In the last class, there was a question regarding how to alter the
contents of a list. As we showed early in the course, we can think of
a list as a structure containing two fields, a first and a rest.
Therefore, we should be able to change the first and rest components
of a list using something similar to set-structure! The operators
that you need are called set-car! (to change the first) and set-cdr!
(to change the rest). Here are some examples:
> (define lst (list 1 2 3 4))
> lst
(list 1 2 3 4)
> (set-car! lst 5)
> lst
(list 5 2 3 4)
> (set-car! (rest lst) 7)
> lst
(list 5 7 3 4)
> (set-cdr! lst empty)
> lst
(list 5)
> (set-cdr! lst 3)
set-cdr!: second argument must be of type , given (list 5) and 3
set-car! and set-cdr! are like set-structure! in that they have effect
across function boundaries:
> (define (f lst)
(set-car! lst 5))
> (define l1 (list 1 2 3 4))
> l1
(list 1 2 3 4)
> (f l1)
> l1
(list 5 2 3 4)
Studying the effects of set! and set-structure! (which includes
set-car! and set-cdr!) leads us to ask an interesting question: when
are two structures or two lists the same?
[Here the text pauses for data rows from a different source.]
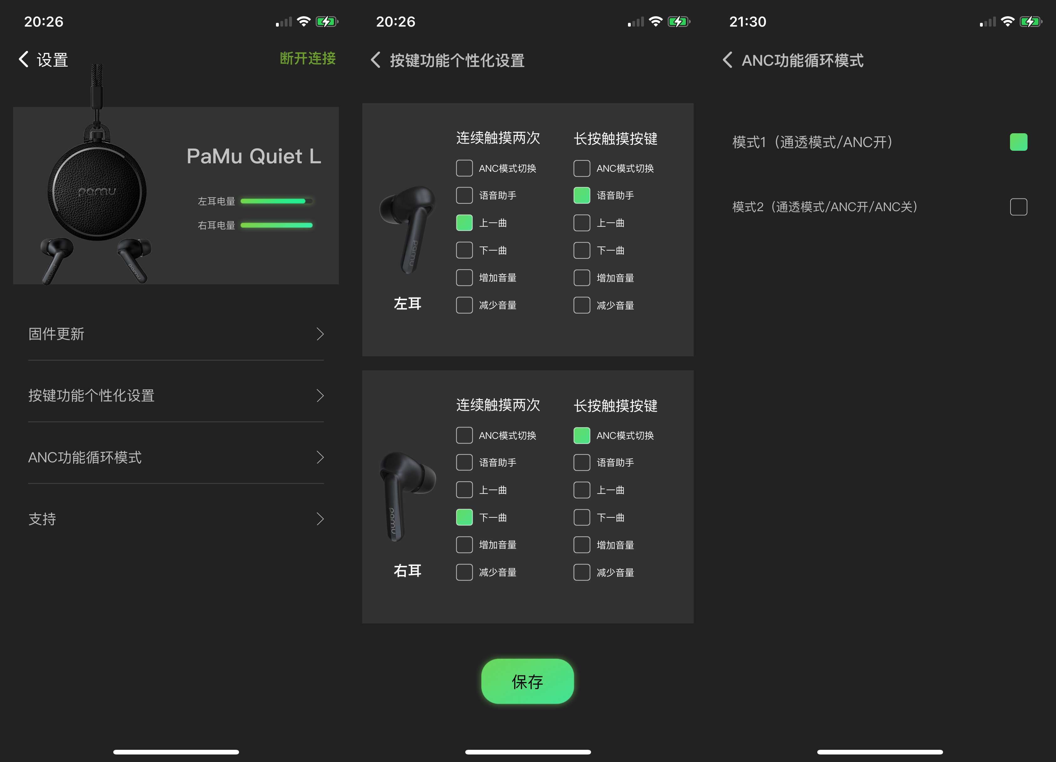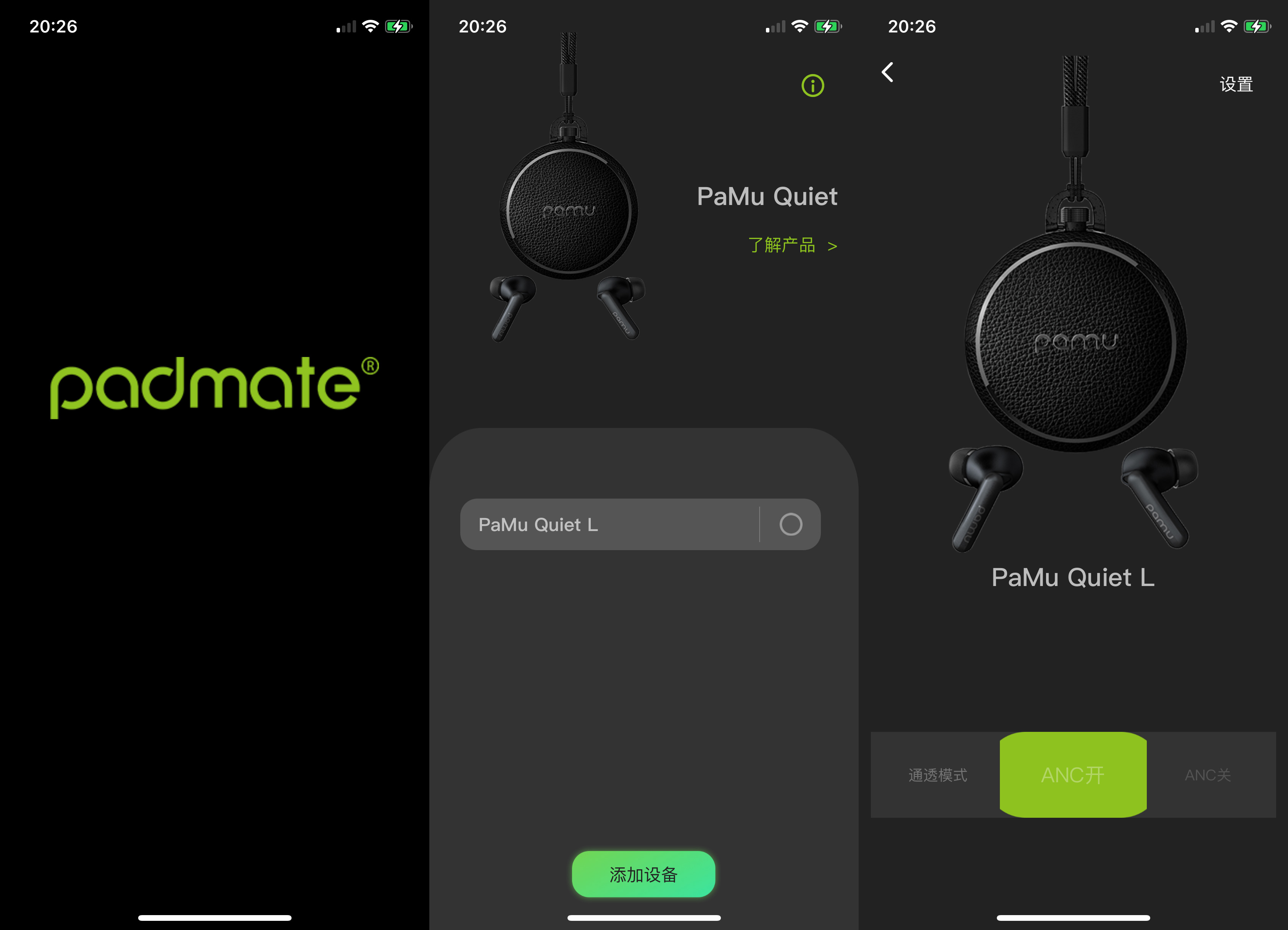 来到手机控制部分, PaMu Quiet 的APP就比较简单了,首页只有简单的添加设备,模式切换功能。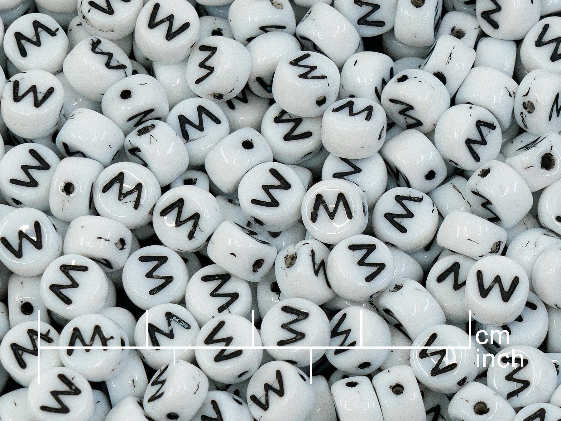 OUTLET 250g Pressed Czech Glass Letter Number Beads, 6 x 6 mm, (w), White Black Lined, Glass, Czech Republic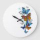 Flying Butterflies Morpho and Monarch Large Clock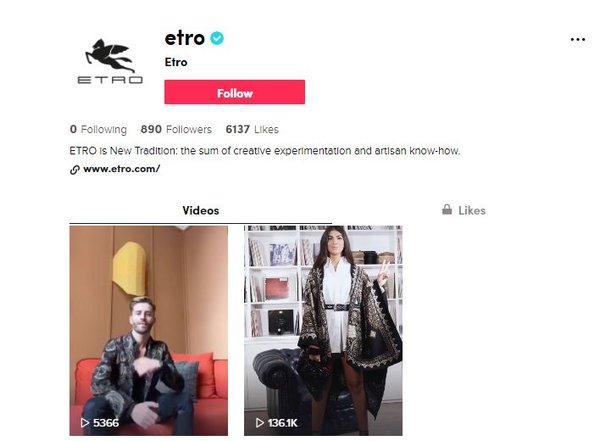 وفي جديد انضمام العلامات إلى تيك توك، أعلنت علامة Etro تدشين حسابها الرسمي على هذه المنصة. ليس هذا فقط، فبهذه الخطوة، تنضم العلامة لـTikTokFashionMonth# للكشف عن مجموعة ربيع وصيف 2021.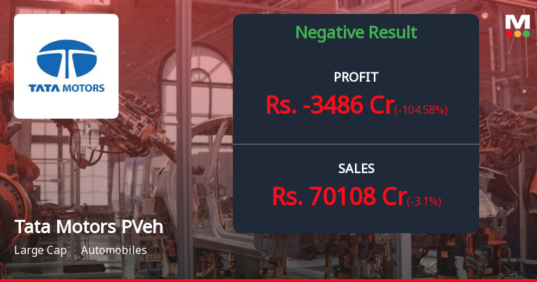 2026-02-06 19:26:16The latest financial results for Tata Motors Passenger Vehicles Ltd indicate significant challenges across various operational metrics. In the quarter ending September 2025, the company reported net sales of ₹72,349 crores, reflecting a decline of 17.48% quarter-on-quarter and 13.52% year-on-year. This represents one of the weakest revenue performances in recent periods. The operating margin turned negative at -1.96%, a stark contrast to the previous quarter's margin of 9.37%, signaling severe operational stress. The net profit for the same quarter was a loss of ₹6,406 crores, which is a dramatic shift from a profit in the previous quarter. This loss has raised concerns among institutional investors, as evidenced by a decline in mutual fund holdings from 10.10% to 8.82%. The company's return on capital employed (ROCE) also deteriorated sharply to -36.73%, indicating significant value destruction. Despite ...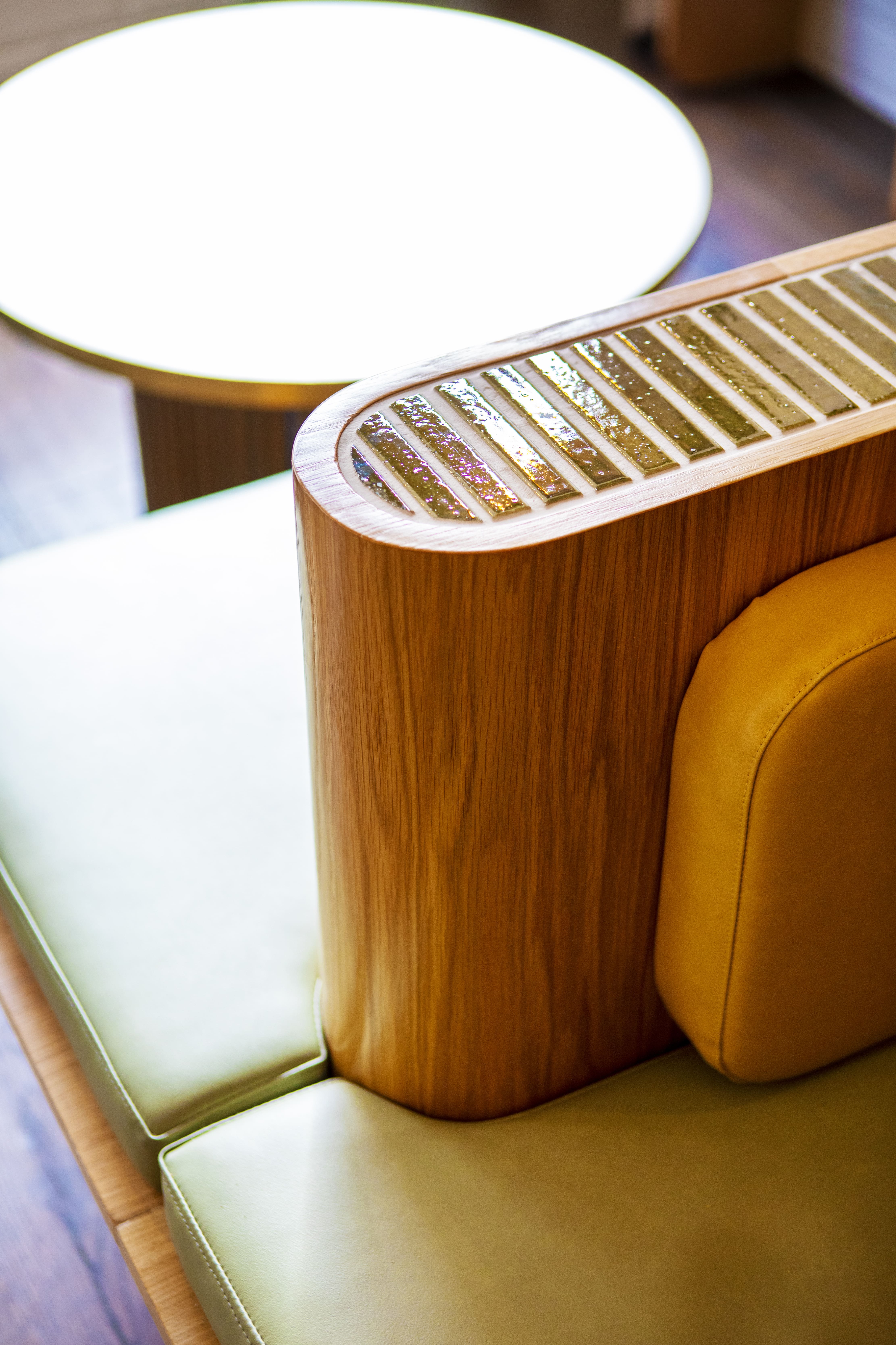The result is a space that harmonises architectural heritage with contemporary comfort. Exposed stone walls frame a calm palette of natural oak, terrazzo, and Bauwerk plaster, creating a serene backdrop for the space. Bespoke curved banquette seating, upholstered in soft green and mustard leather, offers intimate gathering spaces while maximising floor plan efficiency. Custom fluted oak tables with terrazzo tops add tactile depth, while woven rattan pendants cast a warm light throughout. Materials and finishes were carefully considered, from tiled inlay details to smoked and bronzed mirrors, to create an interior that feels timeless and distinctly Bostock.

Consider the following two
structures:
(make-entry 'kathi 3)
(make-entry 'kathi 3)
Are these two structures the same? It depends on what we mean by "the
same". Certainly, they have the same contents; in one sense
therefore, they are the same. But are they the same structure? Let's
ask DrScheme. Scheme provides an operator eq? to test whether two
arbitrary values are the same:
> (eq? 4 4)
true
> (eq? 'a 'a)
true
> (eq? 'a 'A)
false
> (eq? 4 'a)
false
Thus, eq? is more general than either = or symbol=?, which require
their arguments to be of the appropriate type.
> (define-struct entry (name phone))
> (eq? (make-entry 'kathi 3) (make-entry 'kathi 3))
false
Thus, DrScheme says that
(make-entry 'kathi 3) and (make-entry 'kathi 3)
are not the same values. Is there a way to ask DrScheme whether two
structures have the same contents? Yes, it's called equal?
> (equal? (make-entry 'kathi 3) (make-entry 'kathi 3))
true
Intuitively, the difference between eq? and equal? is that eq? asks
whether two values were created at the same time and equal? asks
whether two values have the same structure. Here are some more
examples:
> (eq? (list 1 2) (list 1 2))
false
> (equal? (list 1 2) (list 1 2))
true
> (equal? (list 1 2) (list 2 1))
false
> (define-struct entry (name phone))
> (equal? (list (make-entry 'kathi 3))
(list (make-entry 'kathi 3)))
true
Unfortunately, our current distinction between eq? and equal? relies
on intuition. In order to explain this difference more precisely, we
have to get under the hood a bit to see how Scheme manages variables
and structured values.
We'll return to this point on Friday.